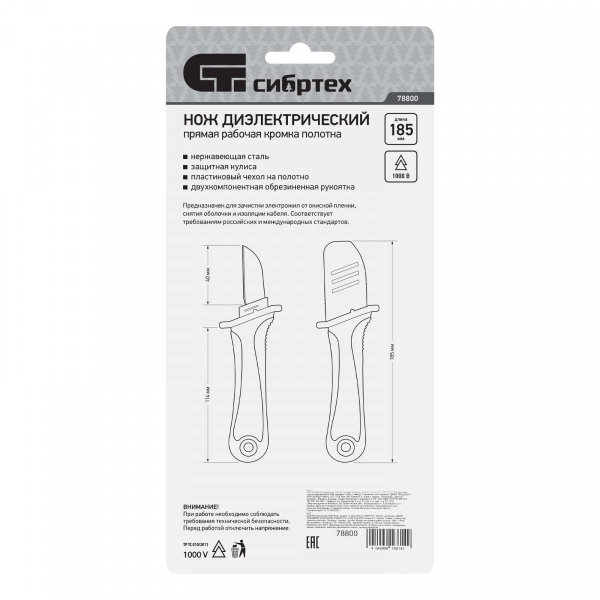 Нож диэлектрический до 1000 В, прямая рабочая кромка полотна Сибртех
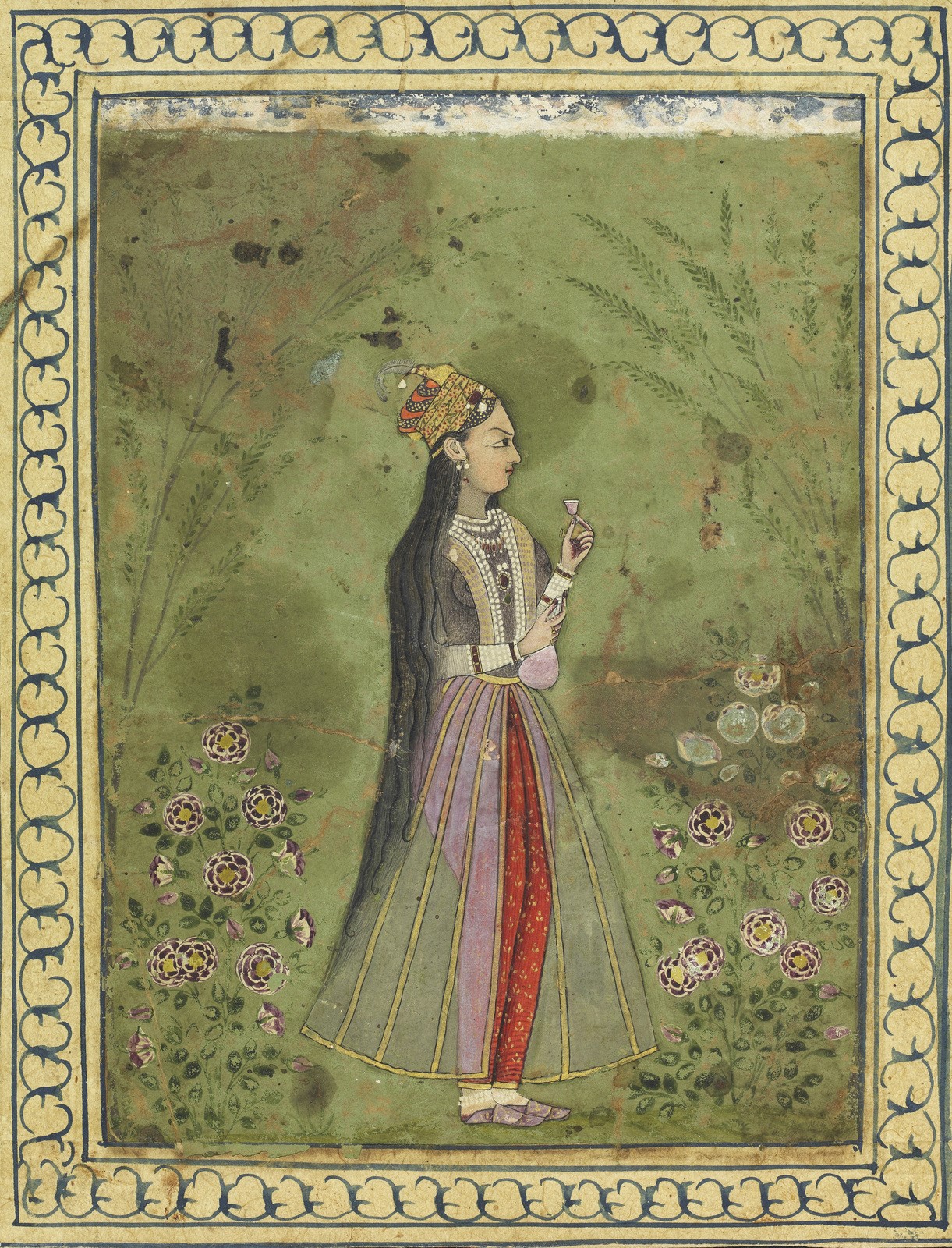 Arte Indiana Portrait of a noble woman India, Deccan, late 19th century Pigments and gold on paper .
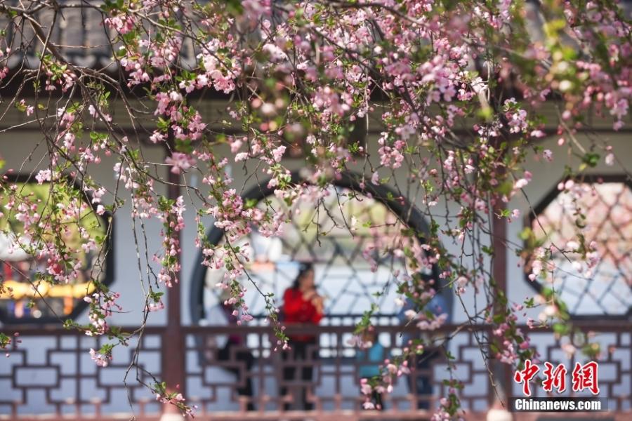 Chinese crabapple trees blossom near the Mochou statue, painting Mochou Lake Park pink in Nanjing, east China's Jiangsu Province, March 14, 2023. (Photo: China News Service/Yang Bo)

++++++

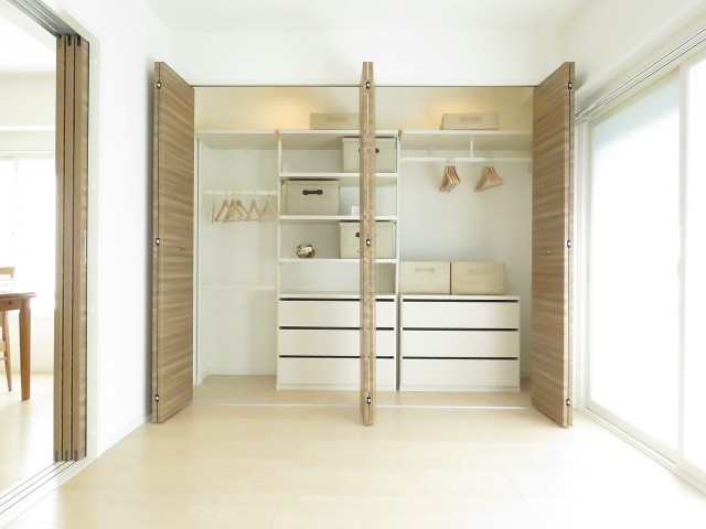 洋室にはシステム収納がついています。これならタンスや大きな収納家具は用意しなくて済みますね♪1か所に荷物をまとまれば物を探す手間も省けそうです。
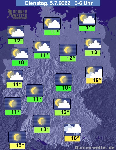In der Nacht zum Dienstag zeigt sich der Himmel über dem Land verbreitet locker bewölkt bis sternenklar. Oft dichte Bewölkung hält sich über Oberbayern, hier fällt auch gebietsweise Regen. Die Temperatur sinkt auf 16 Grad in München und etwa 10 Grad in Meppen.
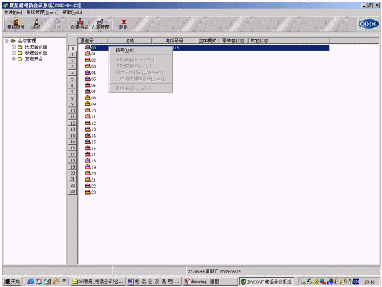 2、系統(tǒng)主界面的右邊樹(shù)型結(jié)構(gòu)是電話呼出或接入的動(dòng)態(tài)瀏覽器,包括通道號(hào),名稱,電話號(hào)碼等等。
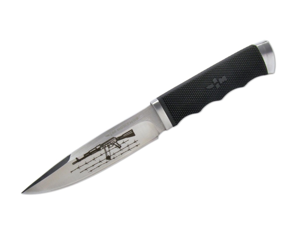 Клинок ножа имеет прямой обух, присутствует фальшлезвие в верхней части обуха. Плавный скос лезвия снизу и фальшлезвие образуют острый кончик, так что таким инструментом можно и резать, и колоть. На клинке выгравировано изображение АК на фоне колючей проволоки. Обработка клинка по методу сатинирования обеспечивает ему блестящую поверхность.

++++++

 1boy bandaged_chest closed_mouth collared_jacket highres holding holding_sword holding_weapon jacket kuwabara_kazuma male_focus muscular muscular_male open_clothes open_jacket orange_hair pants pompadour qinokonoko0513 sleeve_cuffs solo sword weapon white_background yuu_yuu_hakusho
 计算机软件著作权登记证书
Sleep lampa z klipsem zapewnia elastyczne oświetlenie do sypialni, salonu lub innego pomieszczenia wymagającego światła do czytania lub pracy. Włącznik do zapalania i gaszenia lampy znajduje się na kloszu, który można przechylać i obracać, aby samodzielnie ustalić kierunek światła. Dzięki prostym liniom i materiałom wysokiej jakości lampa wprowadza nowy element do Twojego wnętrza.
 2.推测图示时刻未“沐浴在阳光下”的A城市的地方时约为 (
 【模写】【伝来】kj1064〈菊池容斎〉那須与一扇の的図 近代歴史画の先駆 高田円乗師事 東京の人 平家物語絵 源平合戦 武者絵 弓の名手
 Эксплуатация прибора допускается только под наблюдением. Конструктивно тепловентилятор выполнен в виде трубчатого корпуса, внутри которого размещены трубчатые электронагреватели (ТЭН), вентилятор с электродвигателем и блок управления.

++++++

DIRECTIONS
Would you output the lines above from the line holding "Нож диэлектрический до" up to and including the line holding "Arte Indiana Portrait", exactly and only those, with no pictures?

SOLUTION TO THE PROBLEM
 Нож диэлектрический до 1000 В, прямая рабочая кромка полотна Сибртех
 Arte Indiana Portrait of a noble woman India, Deccan, late 19th century Pigments and gold on paper .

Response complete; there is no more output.